(Stored data entries)
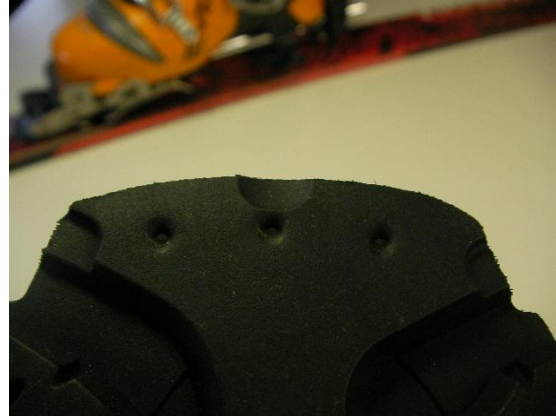
The RTbulldog series of bindings with heel attachment have short pins that accommodate boots without pin holes like the NTN boot on the left.
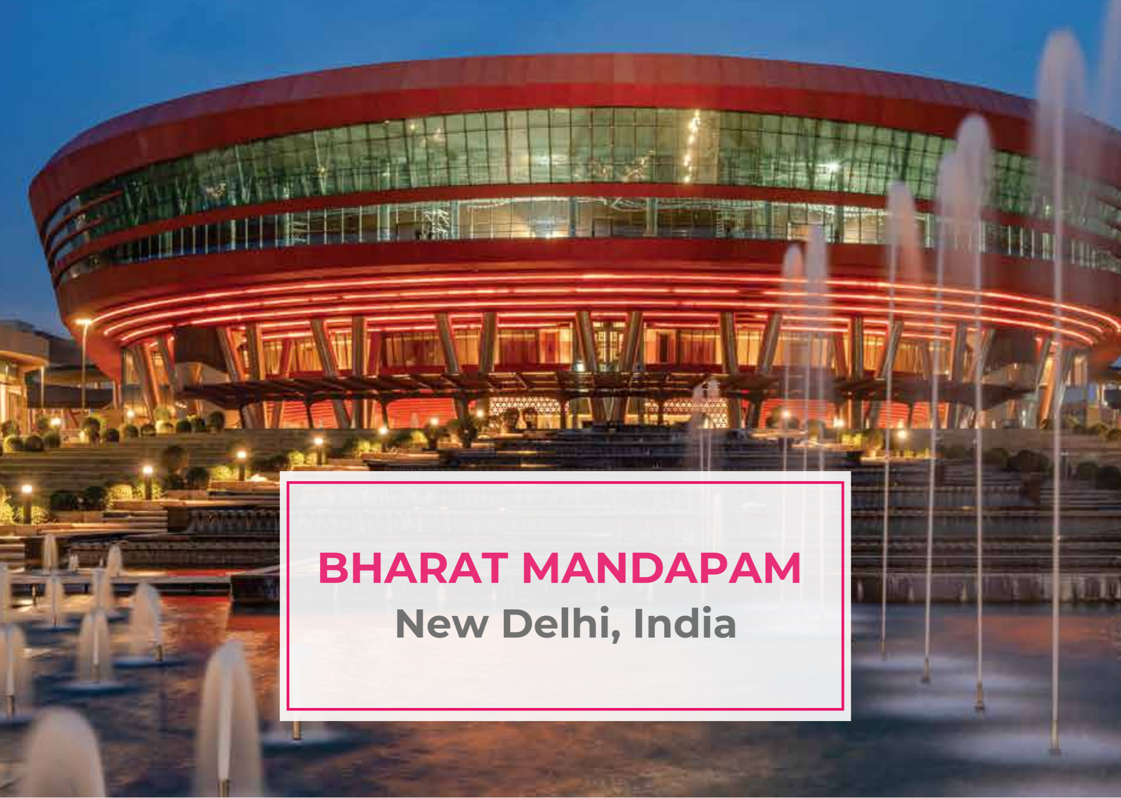
BHARAT MANDAPAM New Delhi, India
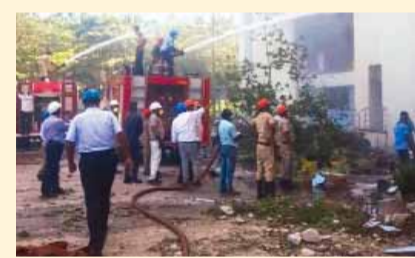
Firefighters douse a fire which broke out following an explosion in a reactor pharma unit of pharmaceutical company Escientia, in Anakapalle, Andhra Pradesh, on Wednesday
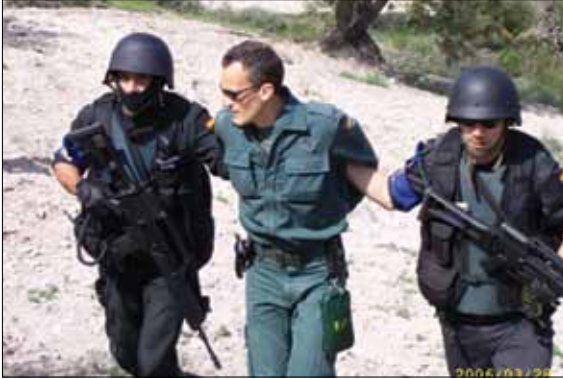
Euro-Gendarmerie exercise (Torquil Dick-Erickson. 1984 to come true soon? timesofthesigns.wordpress.com )

It is envisaged that the well-armed Euro-Gendarmerie may be used in various 'trouble spots' and 'post-conflict' zones all over the world. The Gendarmerie may also be used to suppress civil disorder in EU member-states in the future.
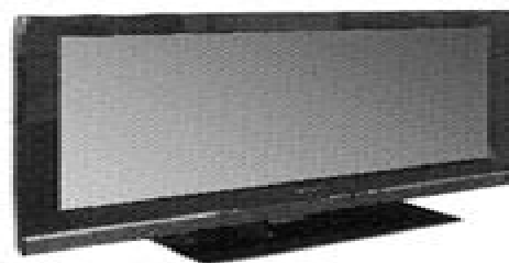
KLV-32 V530A, V550A, V550A/R, V550A/W
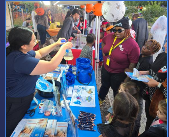
Strength-Based Communities for Change Water Harvest Festival
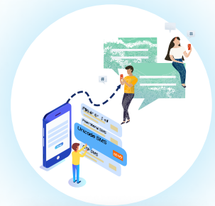
Bulk SMS Service
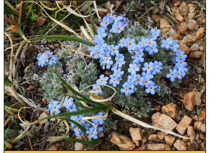
Eritrichium nanum var. elongatum (alpine forget-menot).

(To do) Begin at the line containing "It is envisaged" and stop at the final line of the data. Retype those lines exactly, without the pictures.

(Answer to the exercise)
It is envisaged that the well-armed Euro-Gendarmerie may be used in various 'trouble spots' and 'post-conflict' zones all over the world. The Gendarmerie may also be used to suppress civil disorder in EU member-states in the future.
KLV-32 V530A, V550A, V550A/R, V550A/W
Strength-Based Communities for Change Water Harvest Festival
Bulk SMS Service
Eritrichium nanum var. elongatum (alpine forget-menot).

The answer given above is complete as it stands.